Silicon carbide (SiC) has a range of useful physical, mechanical and electronic properties that make it a promising material for next-generation electronic devices1,2. Careful consideration of the thermal conditions3,4,5,6 in which SiC {0001} is grown has resulted in improvements in crystal diameter and quality: the quantity of macroscopic defects such as hollow core dislocations (micropipes)7,8,9, inclusions, small-angle boundaries and long-range lattice warp has been reduced10,11. But some macroscopic defects (about 1–10 cm-2) and a large density of elementary dislocations (∼ 104 cm-2), such as edge, basal plane and screw dislocations, remain within the crystal, and have so far prevented the realization of high-efficiency, reliable electronic devices in SiC (refs 12–16). Here we report a method, inspired by the dislocation structure of SiC grown perpendicular to the c-axis (a-face growth)17, to reduce the number of dislocations in SiC single crystals by two to three orders of magnitude, rendering them virtually dislocation-free.
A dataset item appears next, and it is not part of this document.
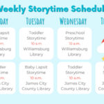 Storytime Schedule at the Williamsburg Libraries You know what would be fun? Taking your little one to a storytime this week…you know what would be more fun? Going with friends…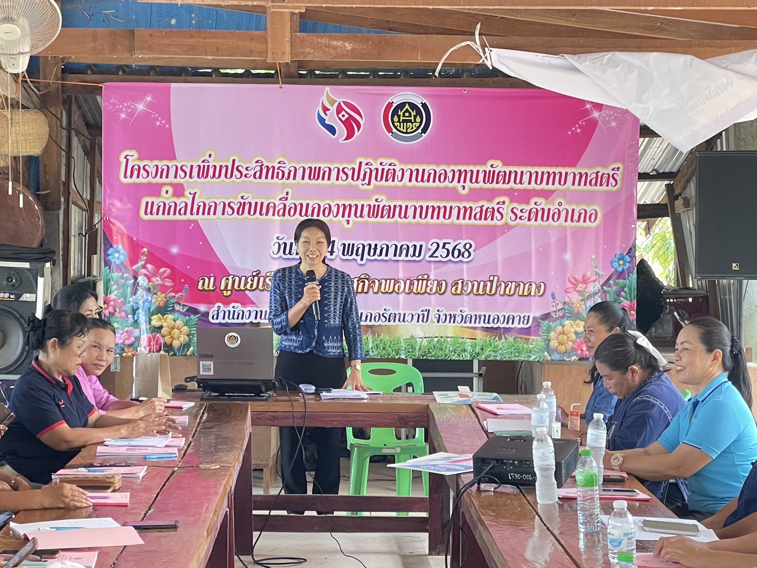 🗓️วันที่ 14 พฤษภาคม 2568 เวลา 09.30 น. นายสุรชาติ ตันติปาลี ผอ.กลุ่มงานส่งเสริมการพัฒนาชุมชน รักษาราชการแทนพัฒนาการจังหวัด มอบหมายให้ นางสาวประภัสสร รัตนนาลี ผอ.กลุ่มงานประสานฯ พร้อมด้วยนายวุฒิชัย โยธามาตย์ นิติกรกองทุนฯ เป็นวิทยากรบรรยายให้ความรู้เกี่ยวกับการดำเนินงานและกฎหมายที่เกี่ยวข้องกับกองทุนพัฒนาบทบาทสตรี ในโครการเพิ่มประสิทธิภาพการปฏิบัติงานกองทุนพัฒนาบทบาทสตรี แก่กลไกการขับเคลื่อนกองทุนพัฒนาบทบาทสตรี ระดับอำเภอ ณ ศูนย์เรียนรู้เศรษฐกิจพอเพียง สวนป่าขาดง หมู่ที่ 4 ต.บ้านต้อน อ.รัตนวาปี จ.หนองคาย

These substrates will promote the development of high-power SiC devices and reduce energy losses of the resulting electrical systems.

Suggested Citation

  • Daisuke Nakamura & Itaru Gunjishima & Satoshi Yamaguchi & Tadashi Ito & Atsuto Okamoto & Hiroyuki Kondo & Shoichi Onda & Kazumasa Takatori, 2004. "Ultrahigh-quality silicon carbide single crystals," Nature, Nature, vol. 430(7003), pages 1009-1012, August.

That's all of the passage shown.